- Route of US 70 in Oklahoma highlighted in red

Route information
- Maintained by ODOT
- Length: 289.81 mi (466.40 km)
- Existed: December 7, 1926–present

Major junctions
- West end: US 70 / US 183 at the Texas state line in Davidson
- I-44 Toll / H.E. Bailey Turnpike near Randlett; I-35 in Ardmore; US 77 in Ardmore; US 69 / US 75 in Durant; Indian Nation Turnpike near Hugo;
- East end: US 70 at the Arkansas state line near Eagletown

Location
- Country: United States
- State: Oklahoma
- Counties: Tillman, Cotton, Jefferson, Carter, Marshall, Bryan, Choctaw, McCurtain

Highway system
- United States Numbered Highway System; List; Special; Divided; Oklahoma State Highway System; Interstate; US; State; Turnpikes;
| ← US 69 |  | → SH-71 |

= U.S. Route 70 in Oklahoma =

Highway in Oklahoma

U.S. Route 70 (abbreviated US-70) is a transcontinental U.S. highway extending from Globe, Arizona to Atlantic, North Carolina. Along the way, 289.81 mi of its route passes through the state of Oklahoma. Entering the state south of Davidson, the highway serves Oklahoma's southern tier before exiting the state east of Broken Bow. It serves the cities of Ardmore, Durant, Hugo, and Idabel, as well as Tillman, Cotton, Jefferson, Carter, Marshall, Bryan, Choctaw, and McCurtain counties.

US-70 was first established in Oklahoma in 1926. The highway's initial path (which entered the state in Cotton County, further east than it does today) included several deviations from the present-day route, serving Walters and following a more northerly course between Ardmore and Madill. US-70 did not enter Tillman County until 1945. The modern route between Ardmore and Madill was not established until 1984 when it received the US-70 designation.

==Route description==
US-70 enters Oklahoma in Tillman County, crossing the Red River from Texas, concurrent with US-183. The two routes head north into Davidson, where they split; US-183 continues north toward the county seat of Frederick, while US-70 turns due east. It leaves Davidson, passing south of the Hackberry Flat Wildlife Management Area. Approximately 11+1/2 mi east of Davidson, the highway serves as the southern terminus of State Highway 54 (SH-54), which connects US-70 to Hollister. Continuing east from the SH-54 junction, US-70 next enters Grandfield, where it begins a concurrency with SH-36. The two highways proceed east from this junction, leaving Tillman County, US-70 having traveled for 30.78 mi within its boundaries.

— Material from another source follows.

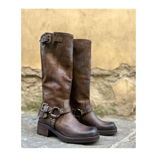MADE IN ITALY STIVALE ALTO CON FIBBIE CAMP 1 TESTA DI MORO

US-70/SH-36 pass into Cotton County, heading southeast along the southern limit of Devol, which is served by SH-70B, a spur from US-70. US-70 and SH-36 turn back to the east, coming to a junction about 4 mi east of Devol, where SH-36 splits away to the south. US-70 then comes to an interchange with Interstate 44 (I-44). This interchange, I-44 exit 5, is the southern terminus of the H. E. Bailey Turnpike. US-277 and US-281 exit the Interstate at this point, forming a triple concurrency with US-70 as it continues east toward Randlett. There, the three routes serve as the southern terminus of SH-70C. At the southeast corner of the Randlett limits, US-277/US-281 turn north, while US-70 continues on its due east course. At Taylor, 7 mi east of Randlett, US-70 meets SH-5B at its southern terminus. Further to the east, US-70 serves as the southern terminus of another state highway, SH-65. US-70 then exits Cotton County.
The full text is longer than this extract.